- Created by: Fflic
- Presented by: Alex Jones Alun Williams
- Country of origin: United Kingdom
- No. of episodes: Unknown

Production
- Production location: Various
- Running time: 25 minutes / 60 minutes

Original release
- Network: S4C
- Release: 2004 – 2011

= Hip neu Sgip? =

Hip neu Sgip? (English: Hip or Skip?) is an S4C room makeover Welsh television programme for children and teens. It is shown on the Welsh-language children's television programming opt-out, Stwnsh.

==History==
Commissioned by Siwan Jobbins in 2004 from an idea by Fflic production staff, Hip neu Sgip? was a vehicle for Alex Jones and a series of young designers.
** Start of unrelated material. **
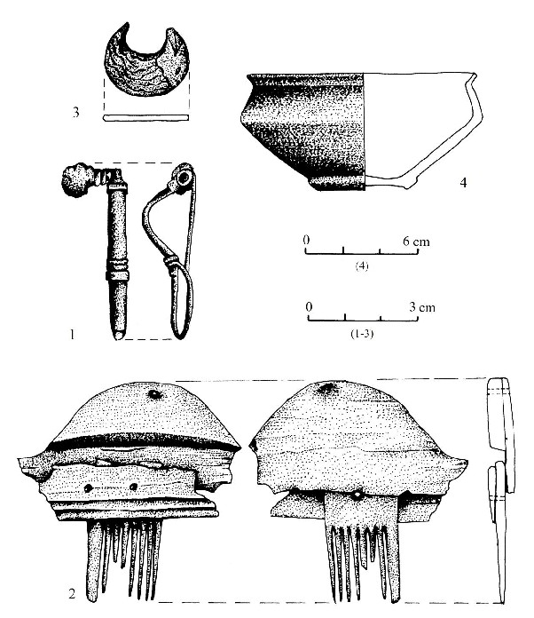 Pl. IV. Vorniceni, Pod lbăneasa ,cultura Cucuteni 1-4- paturi miniaturale. O necropolă de tip Sântana de Mureș descoperită la Cucorăni (com. MihaiEminescu, jud. Botoșani)*Ion Ioniță, Octavian Liviu Șovan Schlüsselwörter: Cucorăni; Grabfunde; Sântana-de-Mureș-Kultur În anul 1960, la Muzeul Județean Suceava1 au ajuns următoarele patru obiecte descoperite în localitatea Cucorăni (com. Mihai Eminescu, jud. Botoșani), toate atribuite culturii Sântana de Mureș din secolul al IV-lea d. Hr.: 1. Fibulă de bronz cu piciorul înfășurat, având corpul lucrat dintr-o bandă lată de circa 5 mm. Din resort s-a păstrat doar o jumătate, aflată de o parte a corpului, împreună cu acul fibulei. După cât s-ar părea, resortul a fost lucrat dintr-o singură bucată de sârmă (fig. 2, 1). L 4,6 cm. Inv. D / 1392. 2. Patru fragmente dintr-un pieptene de os, alcătuit din trei rânduri de plăcuțe prinse cu nituri de bronz; trei din cele patru plăcuțe se păstrează doar parțial (fig. 2, 2). Mânerul este aproximativ semicircular și cu aripi laterale, despre forma cărora nu se poate preciza nici un detaliu, întrucât cea mai mare parte a lor lipsește. Plăcuțele exterioare au fost lucrate dintr-o singură bucată. Una din ele, din care a mai rămas doar un fragment de la baza mânerului, are două caneluri largi foarte puțin adâncite la marginea de jos. Cea de a doua plăcuță exterioară se păstrează pe o zonă ceva mai mare, din ea *.Studiul a apărut și în Acta Musei Tutovensis. Istorie veche și arheologie, XI, Bârlad 2015, p. 161-166. 1 Denumirea de la acea dată a Muzeului Bucovinei din Suceava. 2 Autorii aduc mulțumiri colegiale domnului Bogdan Petru Niculică, muzeograf arheolog la Muzeul Bucovinei, care a oferit toate datele necesare asupra pieselor descoperite la Cucorăni (fotografii, dimensiuni și numere de inventar). De asemenea, sincere mulțumiri sunt adresate și doamnei desenatoare Lăcrămioara Duțuc de la același muzeu, care a realizat desenele celor patru obiecte. lipsind marginea de la bază și cele două aripioare. Din rândul de mijloc de plăcuțe se păstrează numai două. Prima din ele, mai groasă și păstrată în întregime, având forma unui segment de cerc, provine de la partea superioară a mânerului. Cea de a doua plăcuță, de formă aproximativ rectangulară (2x3,8 cm), reprezintă un segment din dantura pieptenelui, asamblat pe una din marginile laterale ale acestuia. Pe un capăt îngust ale plăcuței (20 mm) au fost tăiați dinții. Mai întâi, pe o latură a fost separată o zonă mai lată din plăcuță (4 mm sus și 3 mm jos, către vârful dinților), care avea menirea de a consolida și proteja întreaga dantură a pieptenelui, alcătuită din dinți mult mai subțiri (șapte dinți pe o lățime de numai 16 mm) și de aceea mai supuși deteriorării. Reconstituirea și reasamblarea pieptenelui de os din fragmentele componente ajunse la Suceava este foarte veche. În luna mai 1962, când primul semnatar al acestei note a văzut obiectele la Muzeul din Suceava, cele patru plăcuțe ale pieptănului erau asamblate eronat, așa cum se văd și acum în fig. 2, 2. Grigore Foit, directorul de atunci al Muzeului, care urma să pregătească o notă pentru tipar cu obiectele de la Cucorăni, a luat la cunoștință cum trebuie asamblată plăcuța cu dinți la pieptene, dar ulterior intervenția nu a mai fost făcută și piesa a rămas în aceeași stare până acum3. L 6 cm. Inv. D / 138. 3 Lipsa unei intervenții ulterioare asupra modului de asamblare a pieptănului s-a datorat, probabil, faptului că la foarte scurt timp, tot în anul 1962, Gr. Foit a fost schimbat din direcția Muzeului. El a revenit ca director în anul 1967, dar preocupările lui în această perioadă s-au concentrat asupra descoperirilor aparținând dacilor liberi de la Șcheia (așezare) și Suceava (necropolă). 3. Pandantiv de bronz în formă de luniță (fig. 2, 3). D 2,2 cm. Inv. D / 140. 4. Castron din pastă fină cenușie lucrat la roată. El are forma bitronconică, fundul inelar ușor profilat, diametrul maxim la mijlocul înălțimii, marginea subțiată evazată și semne evidente de ardere secundară pe o mare porțiune (fig. 2, 4). D 13 cm. Inv. D / 137. Gr. Foit nu deținea nici un fel de informații referitoare la locul și condițiile de descoperire ale celor patru obiecte de la Cucorăni. * * * Introducerea obiectelor de la Cucorăni în registrul inventar, cel din care s-au preluat și numerele menționate mai sus la fiecare piesă (de la D 137 până la D 140), s-a făcut în anul 1976. Nu cunoaștem dacă aceasta a fost prima inventariere a pieselor ajunse în anul 1960 la Suceava sau dacă operația respectivă a reprezentat de fapt o reinventariere, după un registru inventar mai vechi, care eventual ar fi putut conține și unele date suplimentare despre locul și condițiile de descoperire, ce nu au mai fost preluate și în registrul nou. Primele informații referitoare la descoperirile de la Cucorăni au fost aduse la cunoștința specialiștilor de Gh. Diaconu. În tentativa de a stabili apartenența culturală și etnică a mormintelor de incinerație cu urne arse secundar din cultura Sântana de Mureș, mai ales prin prisma descoperirilor din necropolele de la Olteni și Târgșor din Muntenia, el menționa pentru prima dată și noile descoperiri de la Cucorăni. Astfel, în două lucrări apărute în 1961, Gh. Diaconu menționează castronul ars secundar de la Cucorăni, afirmând că acesta fusese folosit ca urnă. De asemenea, el mai face și precizarea că celelalte trei obiecte (fibulă și pandantiv-luniță de bronz și pieptene de os) ar fi fost găsite în interiorul urnei4. 4 Gh. Diaconu, Probleme ale culturii Sântana- Cerneahov pe teritoriul R.P.R. în lumina cercetărilor din necropola de la Târgșor, în SCIV, XII, 2, 1961, p. 286; idem, K voprosu o kulʼture Syntana-Černjachov na territo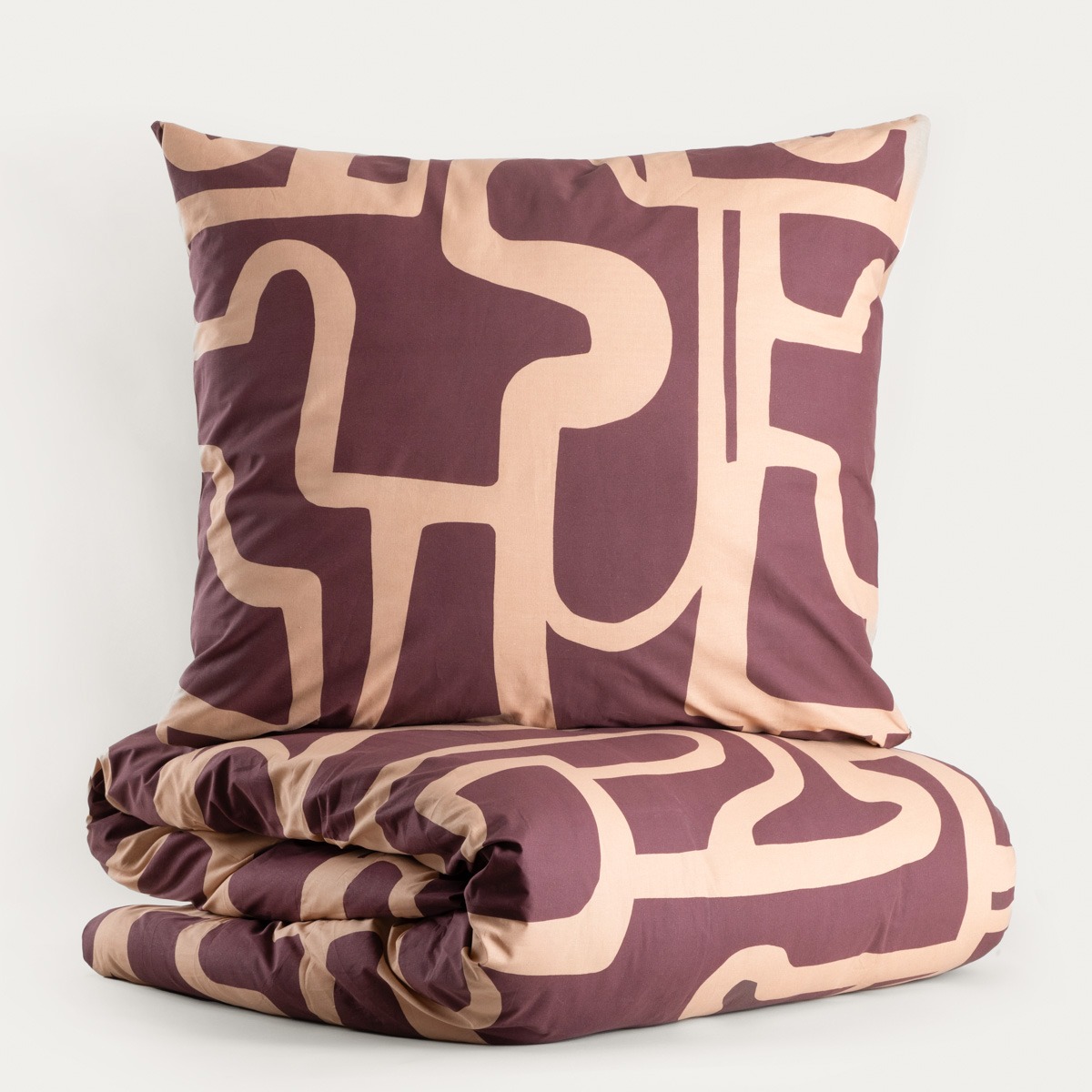 Постельное белье KARMEN — это идеальное сочетание комфорта и современного стиля. Абстрактный узор в приглушенных оттенках бежевого и бордового придает интерьеру уют и элегантность. Комплект состоит из одного пододеяльника 160×200 см и двух наволочек 70×80 см.

Initially concentrating on bedrooms, Hip neu Sgip? expanded into large-scale projects in late 2008 by overhauling the Children's Ward play room at Ysbyty Glan Clwyd.
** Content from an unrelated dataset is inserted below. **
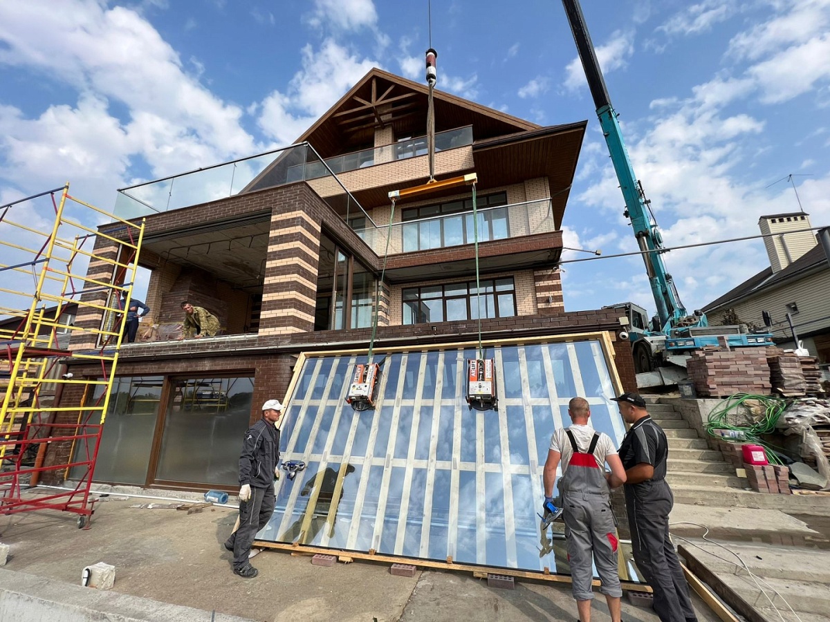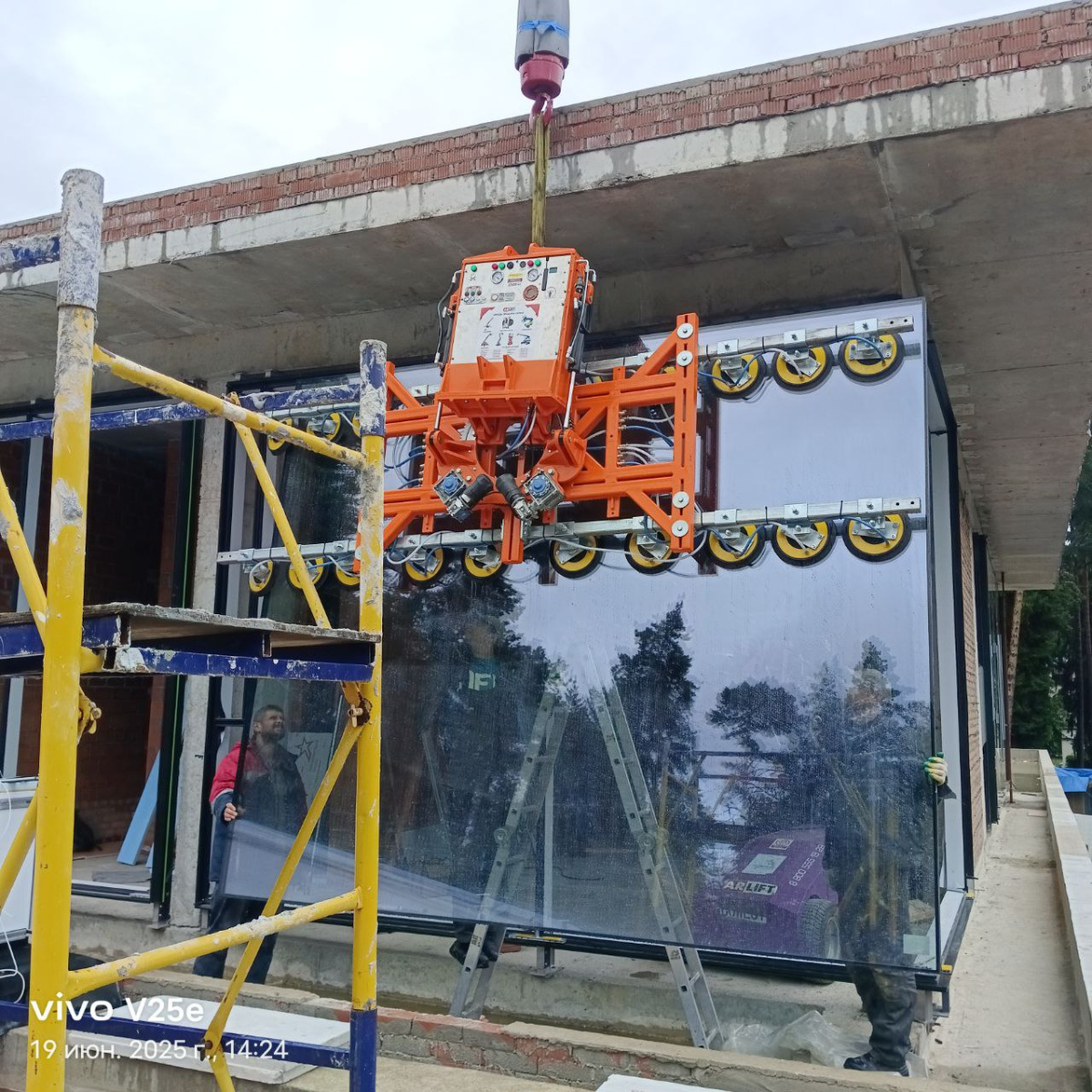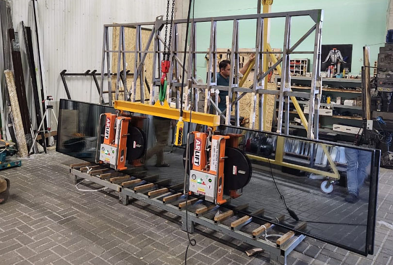 Траверса, вакуумные захваты Alifter, монтаж стеклопакетов

==Hip neu Sgip?: Yn erbyn y cloc==

In 2011, Hip neu Sgip? was re-branded as Hip neu Sgip?: Yn erbyn y cloc (English: Hip neu Sgip?: Against the clock). It aired as eight 1 hour-long programmes. Alun Williams became the presenter and the team, including designer Leah Hughes and handymen, Iwan Llechid Owen, Gwyn Eiddior Parry and Ioan Thomas took on community-based challenges all over Wales. They used a number of suppliers from all over the UK ranging from major suppliers such as Litecraft to smaller ones like L&S Prints.

===Broadcast dates===
- 05/01/11: Ffostrasol Football Club, Ffostrasol
- 12/01/11: Ysgol y Strade, Llanelli
- 19/01/11: CeLL, Blaenau Ffestiniog
- 26/01/11: Ysgol Uwchradd Aberteifi, Cardigan (Cardigan High School)
- 02/02/11: Bontnewydd Community Hall, Caernarfon
- 09/02/11: Ysgol Dyffryn Teifi, Llandysul
- 16/02/11: The Urdd Centre, Aberdare
- 23/02/11: The Tabernacle Chapel Vestry, Llanrwst

==Presenters==
- Alex Jones (2004–2011)
- Alun Williams (2011)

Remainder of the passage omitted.